Simulating realistic species ranges
To examine how spatial sampling designs influence connectivity estimates when applied to more realistic migratory populations, we generated further simulated populations that were constrained within real-world breeding and non-breeding BirdLife range maps [26] for three bird species selected to represent diverse range structures (Henslow’s Sparrow Passerculus henslowii, Aquatic Warbler Acrocephalus paludicola, and Falcated Duck Mareca falcata; note that subsequent simulated populations are not intended to be accurate replications of these species). To simulate realistic distributions of individuals within each range, we applied an algorithm to generate spatially-autocorrelated occurrence patterns (i.e. spatial clustering of individuals rather than a uniform distribution) using the nlm_gaussianfield function from the NLMR package [27] to generate a Gaussian random field of spatially-clustered values (scaled to vary between 0 and 1), applying an autocorrelation range of 10 and a magnitude of variation of 100 to generate spatial clustering (Fig. A3A). We then distributed 50,000 individuals across each range in proportion to the resulting random field values (Fig. A3B), with spatial autocorrelation ensuring that individuals were clustered in space, with areas of high and low abundance.

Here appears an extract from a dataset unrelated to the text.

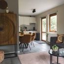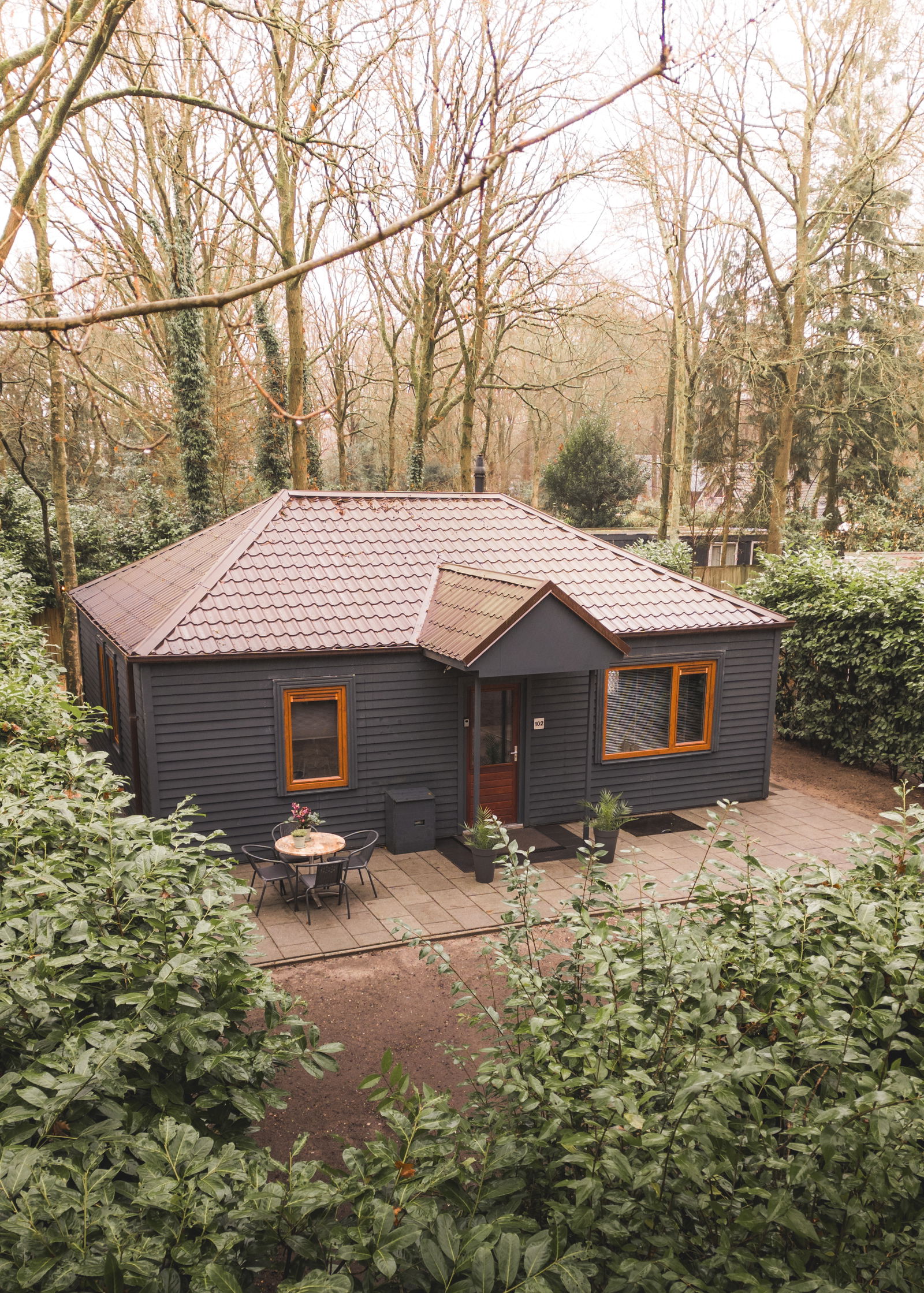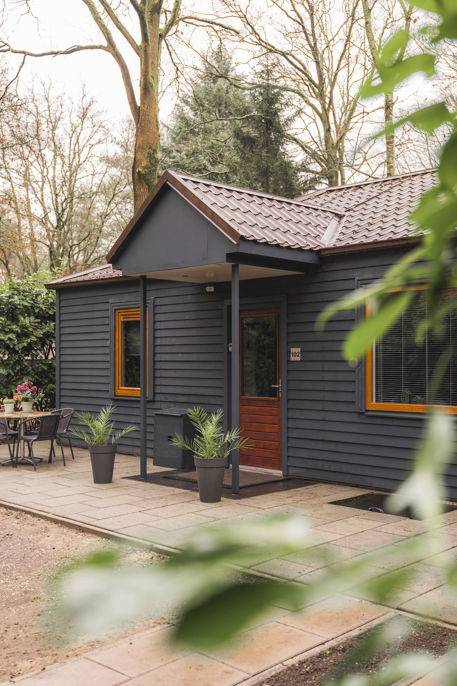 Binnen voelt het meteen huiselijk, buiten sta je direct tussen de bomen.

To generate a range of differing levels of migratory connectivity for each simulated species range, we used an algorithm that matched breeding and non-breeding locations for individuals according to their longitudinal ranks (Fig. A3C). For each individual in the breeding range, we randomly-selected a non-breeding location from all available points within a given bandwidth of longitudinal rank, and controlled connectivity levels by varying this bandwidth. For example, with a bandwidth of 1000, an individual of longitudinal rank of 5000 on the breeding zone would be randomly assigned a point from all those between longitudinal ranks 4000—6000 on the non-breeding zone. Larger bandwidths of longitudinal ranking on the non-breeding zone therefore result in lower migratory connectivity. Bandwidth sizes of 1000, 13,000, and 25,000 were used to produce three levels of migratory connectivity for each species. To sample the resulting populations, we assigned discrete study areas of fixed size to the 20 highest-density cells within a coarse grid overlain across the breeding range (Fig. A3D–E). This reflects the common logistical constraints (difficulty in catching individuals for tagging, access restrictions, and financial limitations) that may force researchers to restrict their sampling to areas where their chosen species are known to be more abundant. We then selected 200 individuals at random from these sampling sites. To explore the impact of variation in spatial sampling extent on resulting connectivity estimates, we varied the number of sampling sites from which these individuals were drawn, ranging from 3 to 20 sites selected at random from the pool of 20. We repeated this 100 times for each possible sampling scenario and level of connectivity and calculated resulting Mantel scores as well as the mean distance between centroids of sampling sites.
All simulations and statistical analysis were performed with R 4.3.0 (R [28]). Scripts for the completed analysis, including all simulations, are available as electronic supplementary material.